Nous envisageons de montrer en quoi le « projet engageant » constitue un moyen de relier les discours et les actes par l’engagement des acteurs dans leur décision d’appartenance et l’émergence d’un changement vers l’appropriation des Tic en situation pédagogique.

CHAPITRE 1 : SOCLE THEORIQUE : LA TECHNIQUE ET

LE SOCIAL

Les différentes évaluations de l’intégration des Tic dans le système éducatif font état d’un paradoxe entre le développement des infrastructures et les usages constatés. Le rapport des experts sur la contribution des nouvelles technologies à la modernisation du système éducatif (Igf, Igen, 2007) constate que « beaucoup de

conditions favorables à l’usage des Tic sont réunies, mais ces usages demeurent modestes. (…) Les statistiques européennes classent la France en avant-dernière position au niveau européen lorsque l’on regarde globalement l’accès à l’outil, sa maîtrise dans un contexte pédagogique et la motivation des enseignants. (…) Il est ainsi difficile de voir émerger une vraie politique nationale, tant pour impulser un élan collectif dans une direction définie que pour piloter et évaluer les résultats obtenus. (…) Les collectivités ont donc de façon croissante le sentiment que les investissements qu’elles réalisent ne sont pas utilisés au mieux. »

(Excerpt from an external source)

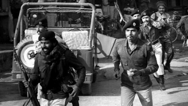 ‘اس کے بعد تو گولیوں کی بوچھاڑ ہونے لگی۔ میں نے نوریا سے کہا کہ میں تھوڑی دیر بعد فون کرتی ہوں۔ میں زلفی کو گود میں لیے ڈرائنگ روم کی طرف بھاگی۔ ماں بھی دوڑتی ہوئی وہاں پہنچی۔ ہم وہاں آدھے گھنٹے بیٹھے رہے۔ ہم نے اپنے چوکیدار کو باہر یہ دیکھنے کے لیے بھیج دیا کہ وہاں کیا ہو رہا ہے۔’

Ce constat nous conduit à interroger le processus de changement de pratiques des enseignants dans l’organisation élargie Éducation nationale, à l’apparition d’une innovation technique. Cette innovation technique, « banale » ou « ordinaire » (Alter, 2000), a besoin de passeurs qui investissent en travail, en action et en identité pour l’inscrire dans le quotidien des acteurs et les inviter à rompre des routines. Nous proposons ici un détour théorique par la sociologie de l’innovation afin de comprendre le paradoxe auquel nous faisons face. En effet, nous affirmons que les discours incitatifs et prescriptifs qui accompagnent les investissements massifs des collectivités territoriales résultent d’un diffusionnisme technique qui privilégie la mise en usage d’équipements au détriment de la construction sociale d’usages.

En préalable à ce détour, nous nous attachons à définir dans une première sous- section les concepts d’organisation élargie, d’usage et de médiation. Dans une seconde sous-partie, nous parcourons la sociologie de l’innovation pour comprendre en quoi le modèle d’intégration des Tic dans l’organisation Éducation nationale relève du diffusionnisme technique. Dans une troisième sous-section, nous croisons notre approche historique de l’intégration des technologies avec la

sociopolitique des usages pour dresser le bilan de trente-cinq années d’intégration de la technique dans le système éducatif.